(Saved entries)
/---

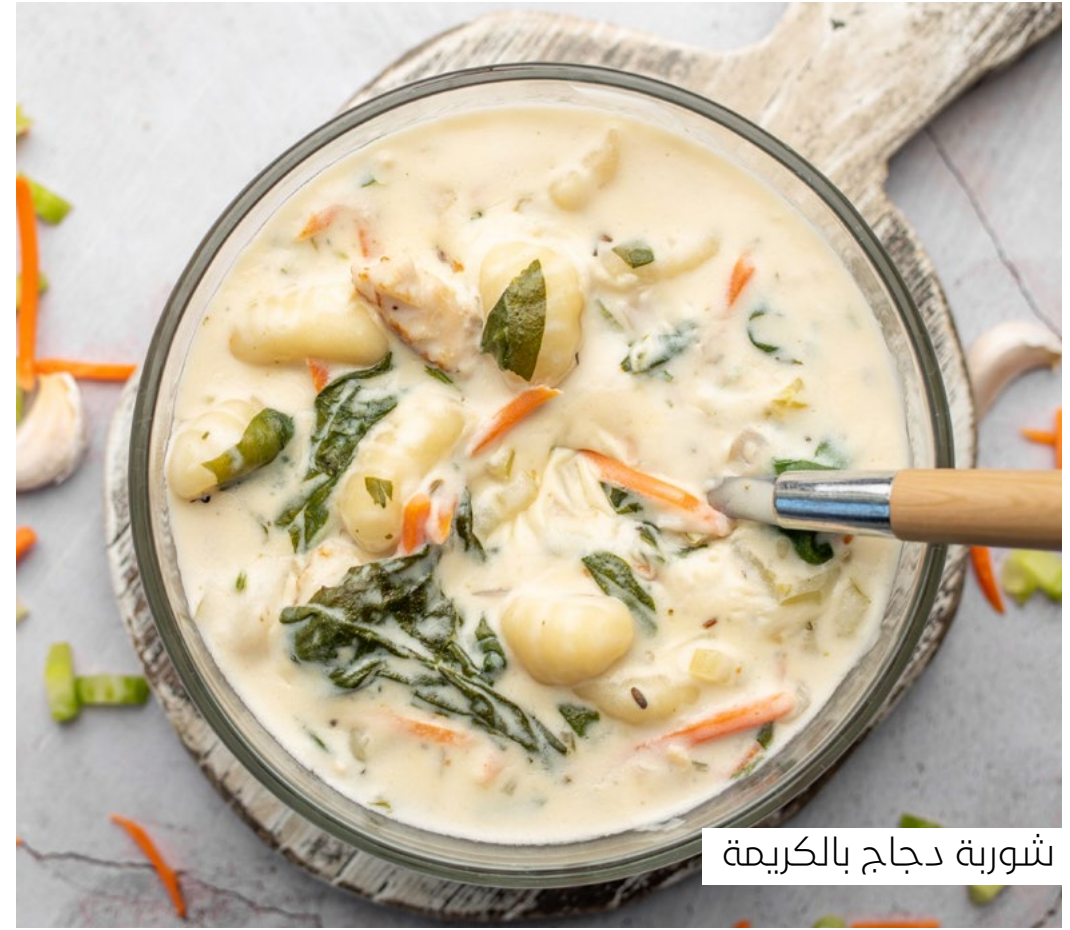
شوربة دجاج بالكريمة
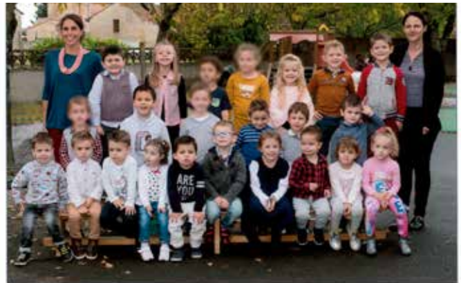
Ecole Berson 2017-2018
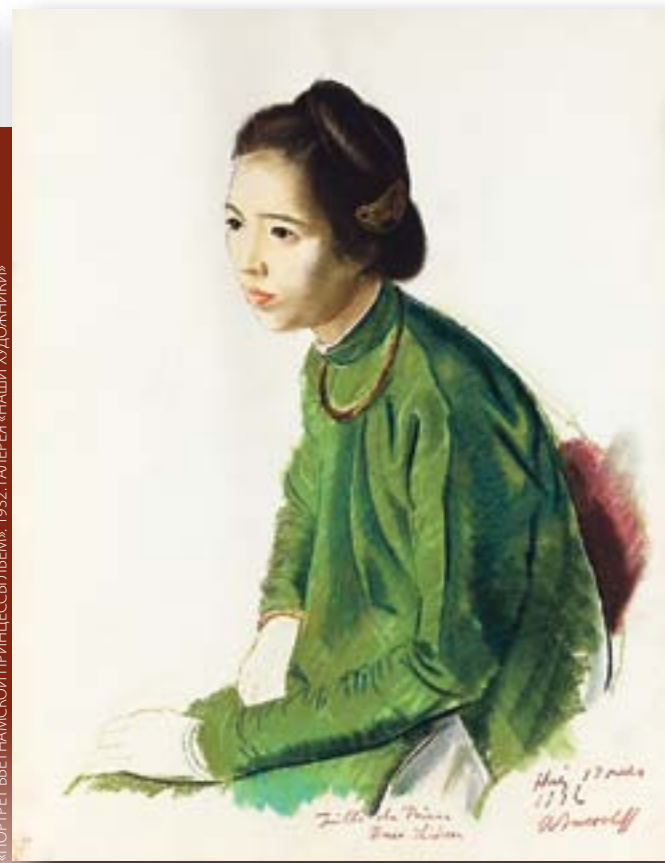
«ПОРТРЕТ ВЬЕТНАМСКОЙ ПРИНЦЕССЫ ЛЬЕМ» 1932. ГАЛЕРЕЯ НАШИ ХУДОЖНИКИ
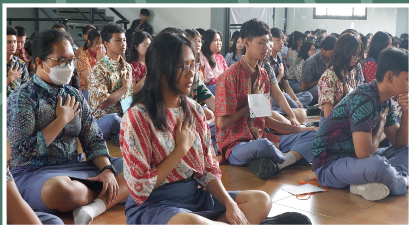
(19/7) Penampilan Chinese Drum di Eskul Expo di SMP Budi Utama
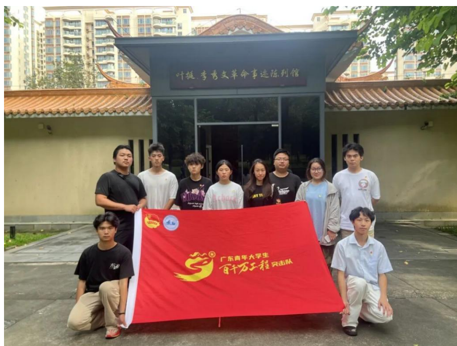
图 4.1-1 “百千万工程”燎原突击队学生参观革命烈士纪念馆活动

在虎门北栅陈超故居，队员们听着指导老师的讲解，了解了红色特工陈超在隐蔽战线上惊心动魄的工作经历。大家认真聆听指导老师的讲解，不时驻足凝望展品，在留言簿写下自己的感悟。此次参观活动，真切感受到了革命先辈的伟大精神，大家纷纷表示，要将在参观汲取的红色力量转化为学习和生活的动力，传承红色基因，努力成为担当民族复兴大任的时代新人，为实现中华民族伟大复兴的中国梦贡献自己的力量。
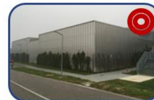
Attività assistenziale e Radioterapia: Ospedali Riuniti Padova Sud Schiavonia (PD)
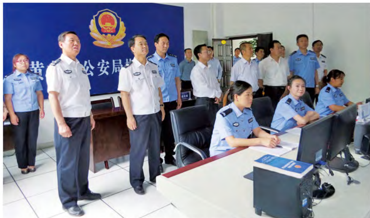
2015年5月29日，副省长、省公安厅厅长杜航伟（前左二）一行深入黄龙县，就基层公安改革工作进行调研。
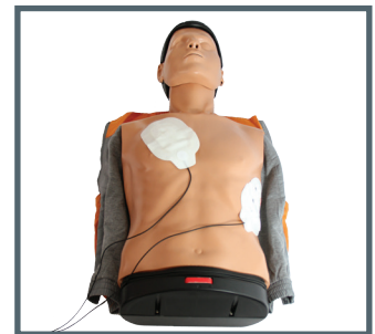
Platzierung der Defibrillationselektroden
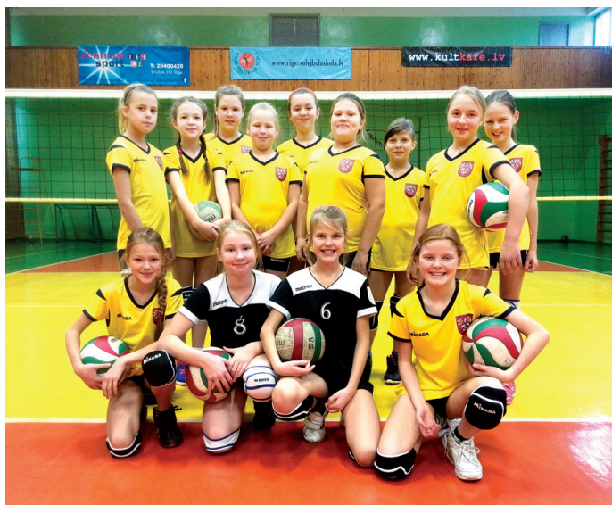
D2 meiteņu komanda LVF rīkotajā Jaunatnes kausa izcīņā volejbolā fināla sešinieka izcīnīja 5. vietu.
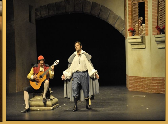
"El barber de Sevilla" en el Teatro Auditorio de Guadaira (Sevilla)
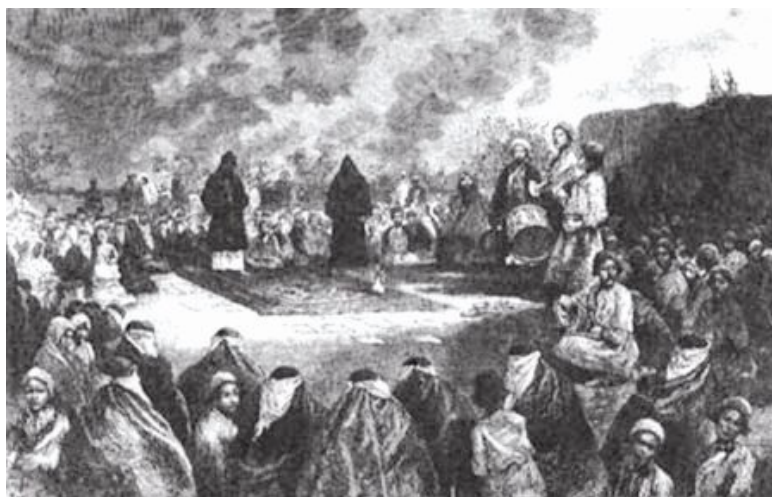
2) Scène de ta'zieh à l'époque Qajare
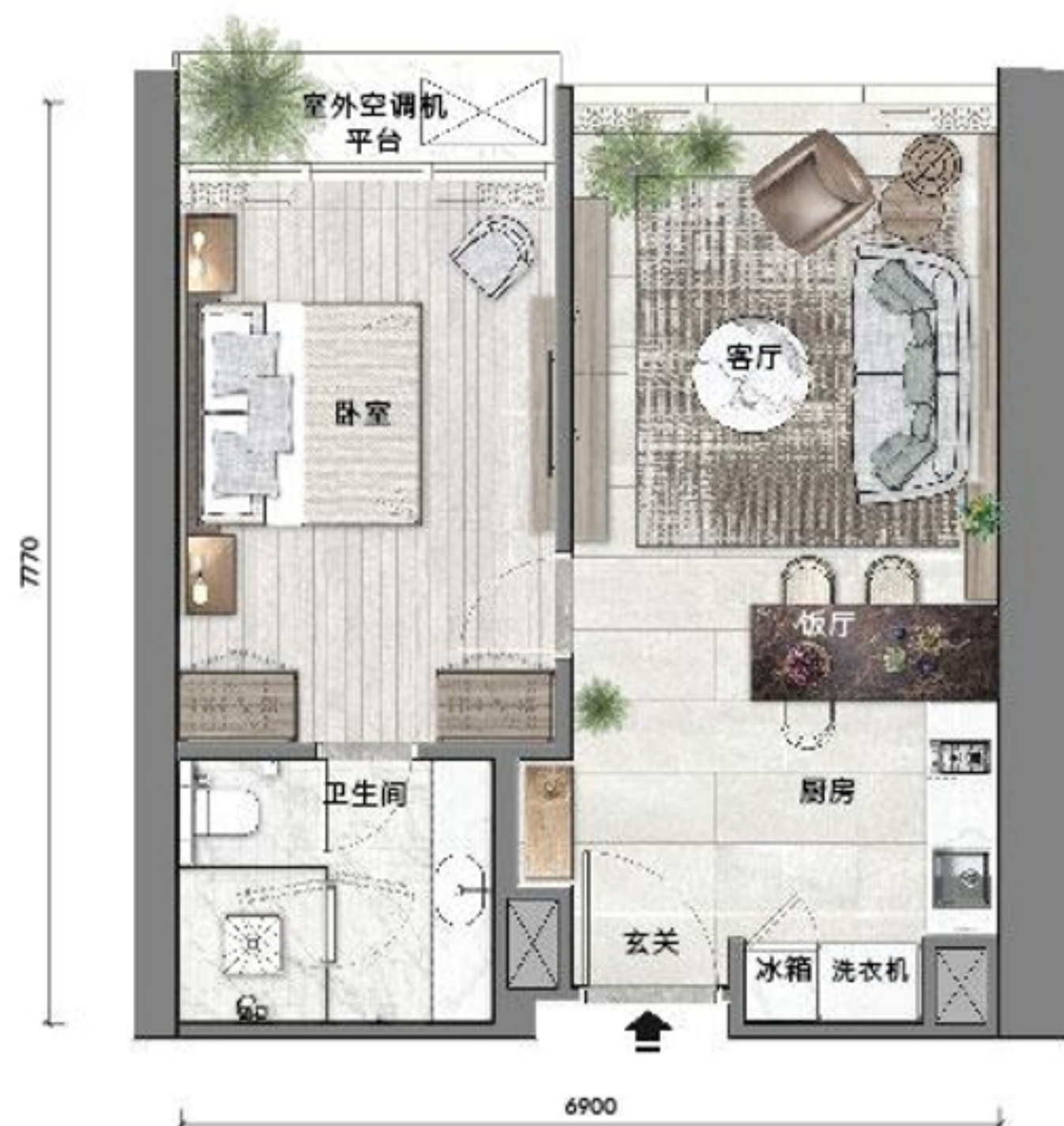
A1 户型 58 平米 / 624 平尺 塔一和塔二
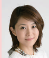
古沢 知子 アナウンサー
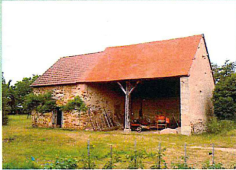
Une harmonie naturelle

Maisons paysannes et bâtiments d'exploitation témoignent d'une longue tradition constructive. Les volumes des bâtiments sont simples, les constructions nouvelles se greffent le plus souvent sans rupture avec les bâtiments existants. Les matériaux de construction d'origine minérale ou végétale sont de couleur mate et plutôt foncée. Ils s'inscrivent sans heurt dans le paysage ■
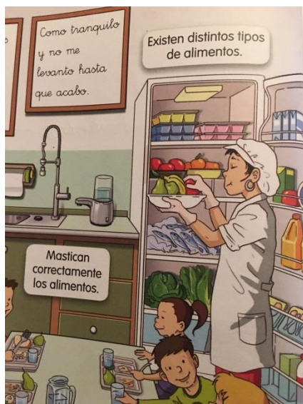
Fig. 1. Representación mujer cocinera.

VV.AA. (2011). Conocimiento del medio 2 Primaria . Tres Cantos: Santillana.
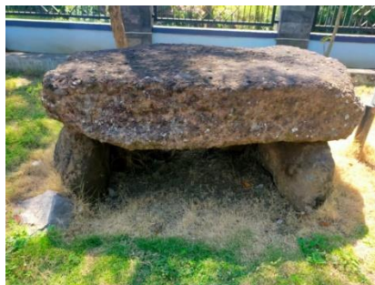
Gambar 1.17 Batu Dolmen
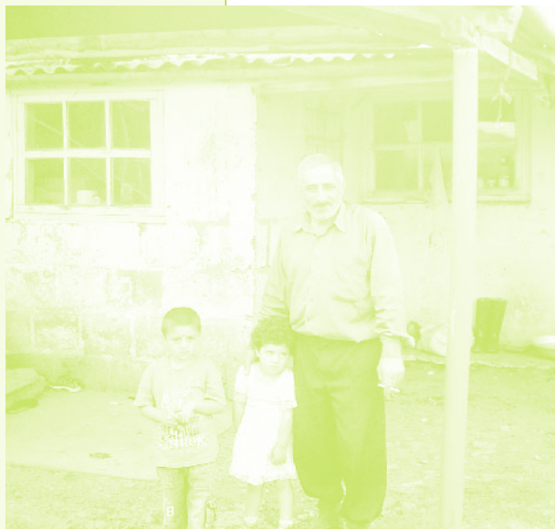
Фото 52. «Жители села Дзюнашох (Кызыл-Шафаг), Армения, 2006 г.»

прошедшие после обмена годы не смог по понятным причинам посетить прежнее село, кладбище, несмотря на то, что стороны договаривались о взаимных посещениях. И в конце концов, по словам информанта, они не думали, что все так сложится. Общий контекст армяно-азербайджанских отношений (война, неразрешенный конфликт и т.д.) также обостряют чувство потери.
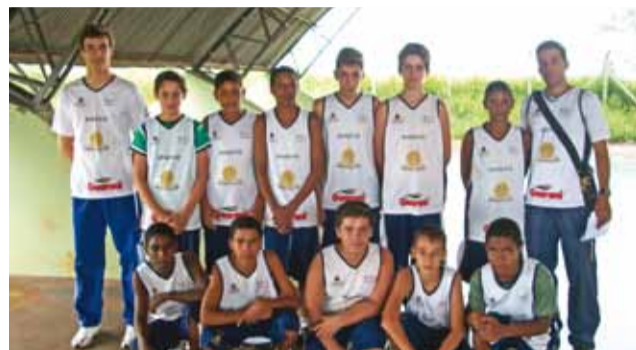
Na classificação geral, Colina conquistou a 3ª colocação na categoria sub-14, masculino e 5ª, no feminino. Na sub-17, obteve o 8º lugar no masculino e 5º no feminino
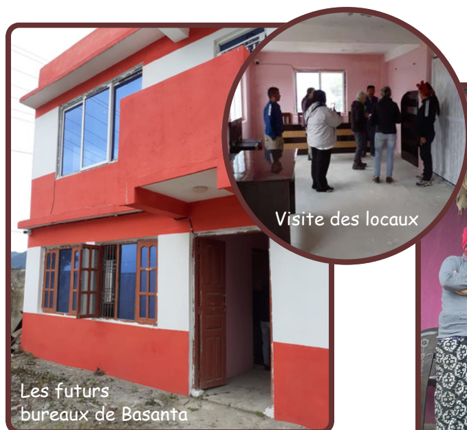
Les futurs bureaux de Basanta
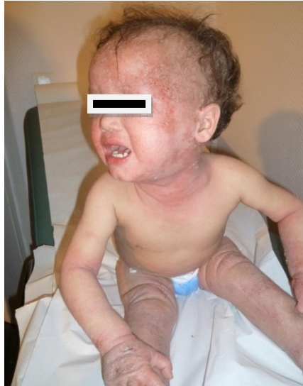
Fig.4 La DA qui va mal est une DA souvent négligée

\---

Retype only the lines above from the one with "(19/7) Penampilan Chinese" through the one with "прошедшие после обмена", exactly and with both ends. Images stay out.

Task result.
(19/7) Penampilan Chinese Drum di Eskul Expo di SMP Budi Utama
图 4.1-1 “百千万工程”燎原突击队学生参观革命烈士纪念馆活动

在虎门北栅陈超故居，队员们听着指导老师的讲解，了解了红色特工陈超在隐蔽战线上惊心动魄的工作经历。大家认真聆听指导老师的讲解，不时驻足凝望展品，在留言簿写下自己的感悟。此次参观活动，真切感受到了革命先辈的伟大精神，大家纷纷表示，要将在参观汲取的红色力量转化为学习和生活的动力，传承红色基因，努力成为担当民族复兴大任的时代新人，为实现中华民族伟大复兴的中国梦贡献自己的力量。
Attività assistenziale e Radioterapia: Ospedali Riuniti Padova Sud Schiavonia (PD)
2015年5月29日，副省长、省公安厅厅长杜航伟（前左二）一行深入黄龙县，就基层公安改革工作进行调研。
Platzierung der Defibrillationselektroden
D2 meiteņu komanda LVF rīkotajā Jaunatnes kausa izcīņā volejbolā fināla sešinieka izcīnīja 5. vietu.
"El barber de Sevilla" en el Teatro Auditorio de Guadaira (Sevilla)
2) Scène de ta'zieh à l'époque Qajare
A1 户型 58 平米 / 624 平尺 塔一和塔二
古沢 知子 アナウンサー
Une harmonie naturelle

Maisons paysannes et bâtiments d'exploitation témoignent d'une longue tradition constructive. Les volumes des bâtiments sont simples, les constructions nouvelles se greffent le plus souvent sans rupture avec les bâtiments existants. Les matériaux de construction d'origine minérale ou végétale sont de couleur mate et plutôt foncée. Ils s'inscrivent sans heurt dans le paysage ■
Fig. 1. Representación mujer cocinera.

VV.AA. (2011). Conocimiento del medio 2 Primaria . Tres Cantos: Santillana.
Gambar 1.17 Batu Dolmen
Фото 52. «Жители села Дзюнашох (Кызыл-Шафаг), Армения, 2006 г.»

прошедшие после обмена годы не смог по понятным причинам посетить прежнее село, кладбище, несмотря на то, что стороны договаривались о взаимных посещениях. И в конце концов, по словам информанта, они не думали, что все так сложится. Общий контекст армяно-азербайджанских отношений (война, неразрешенный конфликт и т.д.) также обостряют чувство потери.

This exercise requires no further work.